If you have suggestion or question please post. Nothing is propretary.


----------



## bjfreeman (Dec 7, 2011)

OK I think from reading the forum that there may be confusion about HEV.
in My Case it means Hybrid Electrical Vehicle in reference to 10 Ton Vehicles Like Bus Conversions.


----------



## major (Apr 4, 2008)

bjfreeman said:


> OK I think from reading the forum that there may be confusion about HEV.
> in My Case it means Hybrid Electrical Vehicle in reference to 10 Ton Vehicles Like Bus Conversions.


Hi bj,

I think we know HEV means Hybrid Electric Vehicle. The confusion is with your post, IMO. What is it you want? I read it several times and it does not make much sense to me. 



> First question is where is all this KW coming from.


 

Sorry. You'll have to be a bit clearer.

major


----------



## steven4601 (Nov 11, 2010)

Are you sure about all you have just posted? It looks like a dream rather than a plan or a idea. Dreams hardly ever come true, plans have a better success  

300kw (power) fuelcell will cost likely more than 20million dollar.


----------



## bjfreeman (Dec 7, 2011)

steven4601 said:


> Are you sure about all you have just posted? It looks like a dream rather than a plan or a idea. Dreams hardly ever come true, plans have a better success
> 
> 300kw (power) fuelcell will cost likely more than 20million dollar.


A 150KW fuel cell is being used currently. BC Transit has deployed 20 hydrogen _fuel cell buses_ in _Whistler the cost for buses and hydrogen infrastructure was 2 million.
do a google since I can't post urls.

and there are many Traction motor being built and repaired that exceed the 200KW.

_


----------



## bjfreeman (Dec 7, 2011)

major said:


> Hi bj,
> 
> I think we know HEV means Hybrid Electric Vehicle. The confusion is with your post, IMO. What is it you want? I read it several times and it does not make much sense to me.
> 
> ...


ooops I meant 10K lbs.

I am sharing a project I am on.
A bus conversion package for the power train.

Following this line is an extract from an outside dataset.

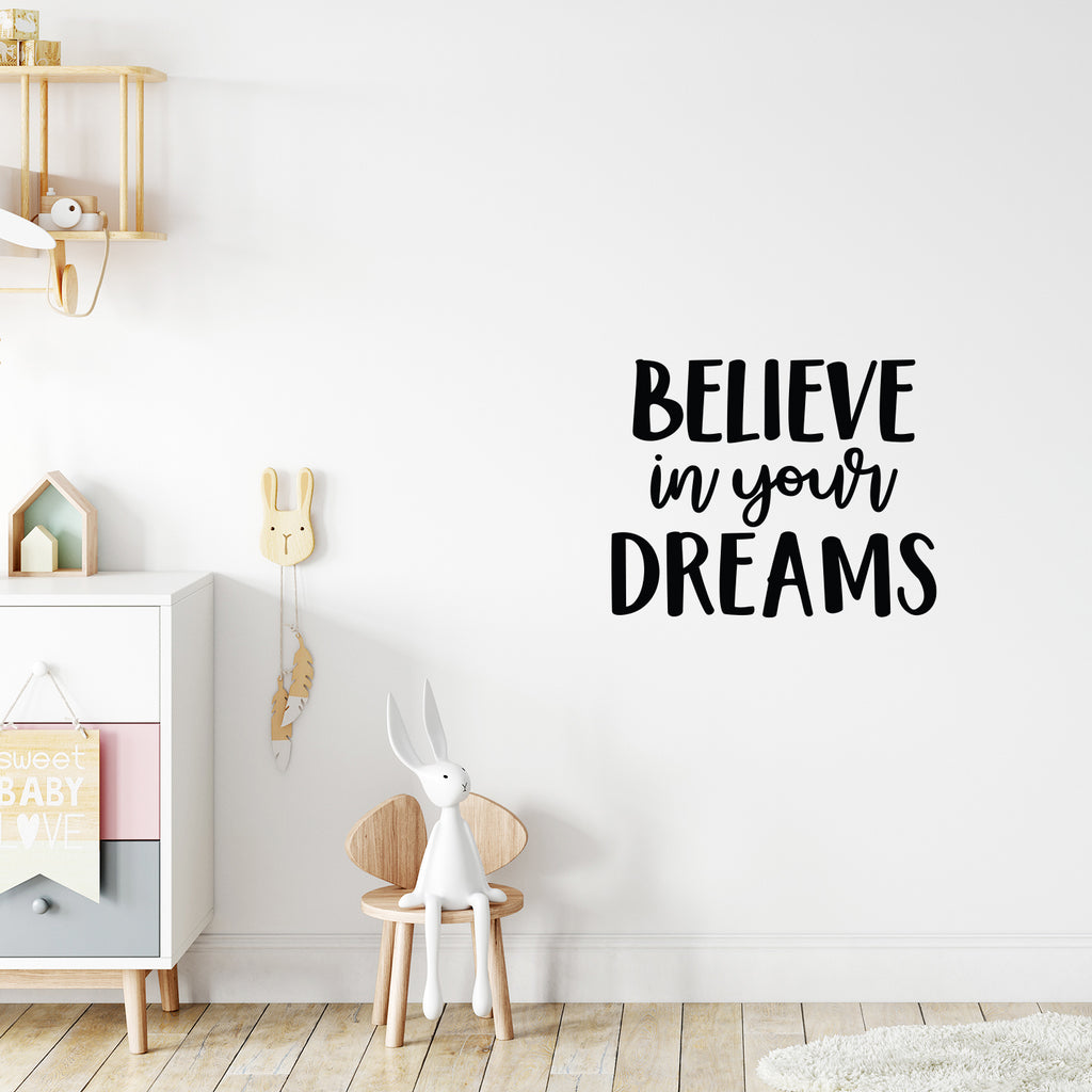 This awesome motivational decal quote "Believe In Your Dreams"; is the perfect touch for your home. Use it for your dorm room; home office; apartment or anywhere you want to bring some extra girly decoration. It's a vinyl sticker that is easy to put on any smooth and dry surface. Our modern designs don't just brighten up the room; but brighten up the day. Using top of the line vinyl across all of our production allows us to be the leaders in quality and design.
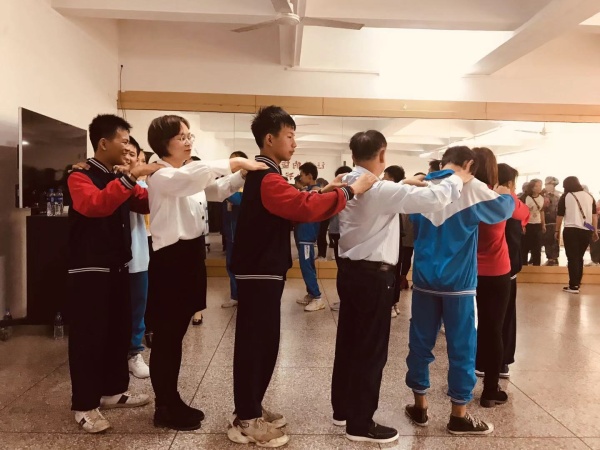 本次活動主要由心理工作坊的張瑛導師主持,梁琳老師、雷靜婷老師等十幾位工作坊的成員老師,以及廣浩學校中學部的30個家庭,共同參與活動的全程。整個活動共有四個環節:第一個環節是“飛天口香糖。”要求所有人聽口令做動作,本環節通過家長與孩子之間的擁抱、貼臉頰等肌膚之親,讓孩子感受到父母的愛,讓父母感受到孩子的所需,孩子的成長。第二個環節是“組建家庭。”把30個小家庭分成3個大家庭,每個家庭組建各自的組名、口號、隊形,并展示出來,本環節可以體現孩子們的學習能力、表現能力及創新能力。第三個環節是“冰山融化,登陸逃生。”每個大家庭先分發八張報紙作為登陸逃生工具,成功后減為六張報紙,最后再減為四張報紙,要求每個家庭成員同時站在報紙上才算成功。本環節可以培養孩子與孩子之間、孩子與家長之間的團結合作意識。第四個環節是“快樂放松操。”要求每個大家庭圍成圓圈,給自己前面的人按摩、捶背、揉肩等。本環節讓大家學會當受到他人恩惠的同時要懂得感恩回饋他人。大家都沉浸在游戲的歡樂當中,玩得不亦樂乎!最終漸漸地回歸生活中,大家心情平靜下來,惋惜相處時間的短暫,也多了幾分思考,父母與孩子之間的情感在這一刻得以全然釋放,這是孩子的釋懷,也是父母愛的表達。

"First question is where is all this KW coming from. " was rhetorical an I answered it .


----------



## gor (Nov 25, 2009)

to OP:

"My eventual goal is to have 4 3phase 450V traction motors, Peak 200kw, 150KW continuous.this configuration will give 600 HP at passing speeds on 15% incline @ 60 mph. for a 10,000 gross weight."

200 kw = 268hp; 600hp = 447kw

please, clarify


----------



## steven4601 (Nov 11, 2010)

Maybe I was over pessimistic about the FC pricing. That is pretty interesting information to hear the bus could be manufactured for 2 Million dollar.

200Hp would get the bus way quicker than 180 seconds to 60mph though!! (20 seconds is more likely)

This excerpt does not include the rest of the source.